Emerging Markets Insights: Winners and Losers From Tariff Shifts

Three things we are thinking about today

India—weathering higher tariffs: The United States increased tariffs on imports from India to 50% on August 27, 2025. The MSCI India Index has declined a modest 5% from its second quarter peak, weathering the initial tariff storm. These tariffs will likely impact an estimated 55%–65% of India’s exports to the United States, mostly in the apparel, auto parts and chemical sectors. High-value exports, including electronics and pharmaceuticals, are currently exempt. Our base case remains that these tariffs could eventually be lowered. While negotiations have been delayed, many countries have been able to lower tariffs through negotiation with the United States.

͏China equities at a four-year high: The MSCI China Index has risen to a four-year high on optimism that US President Trump will likely agree to a US-China trade deal. Resilient corporate earnings among Chinese companies with a domestic focus has also buoyed sentiment. There is also recognition that while challenges remain, the lows the market reached in 2024 discounted an overly pessimistic outlook given the fiscal and monetary resources available to Chinese policymakers.

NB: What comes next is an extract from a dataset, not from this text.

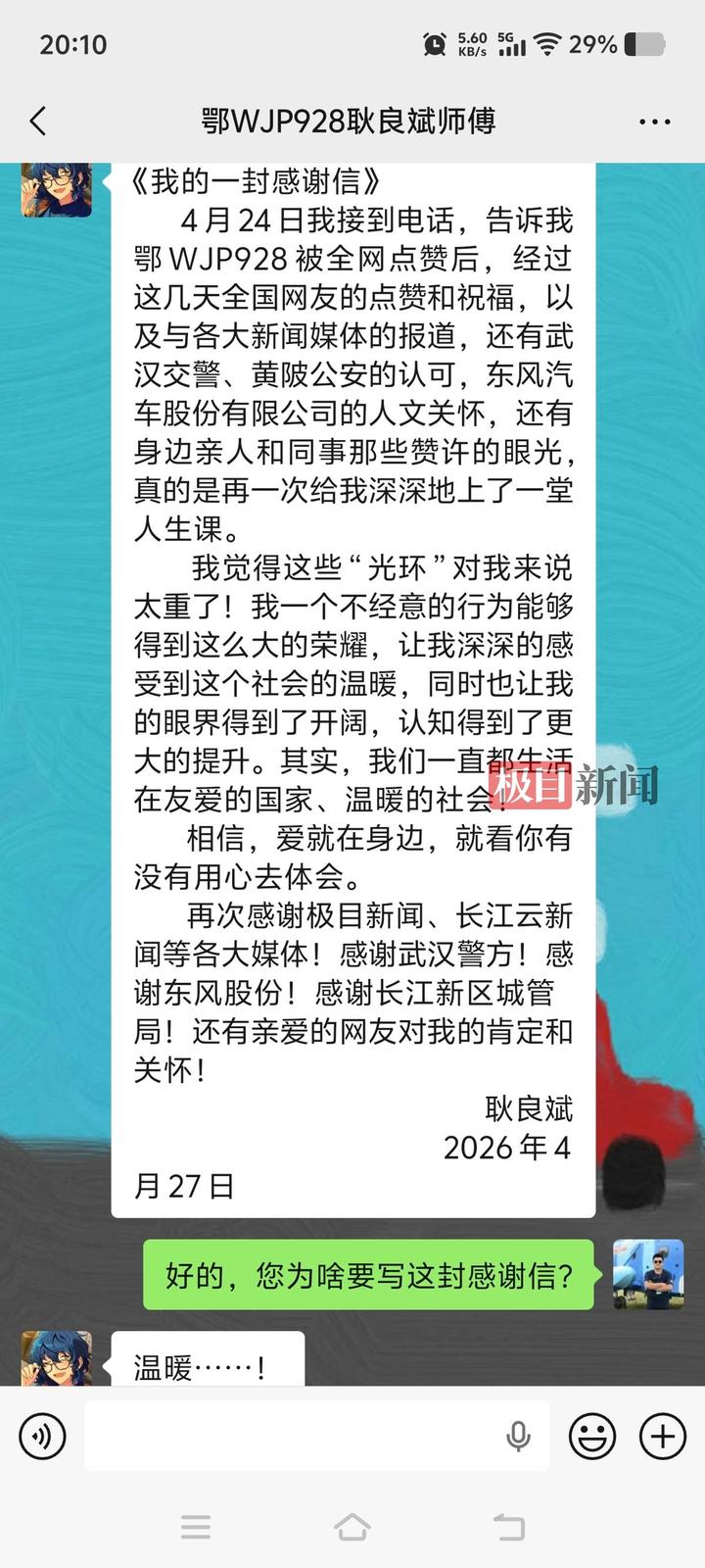 “我想给为我点赞以及关心我的群体单位和网友,写一封感谢信可以吗?”4月27日傍晚,极目新闻记者手机微信上弹出这样一条信息,一股暖意顿时涌上心头。写下感谢信的不是别人,正是这两天被央媒和全国网友点赞的车牌号为“鄂WJP928”的武汉司机耿良斌。

US Federal Reserve (Fed) set to cut interest rates: US Fed Chairman Jerome Powell signaled at the Jackson Hole Economic Policy Symposium last month that the cooling labor market trumps what may prove to be transitory inflation pressures. Fed funds futures declined following his speech and imply, as of September 1, an 80%–85% likelihood that the Fed will likely cut interest rates at its September 16-17 meeting. We believe this has positive implications for emerging markets (EMs) given a portion of corporate debt is denominated in US dollars.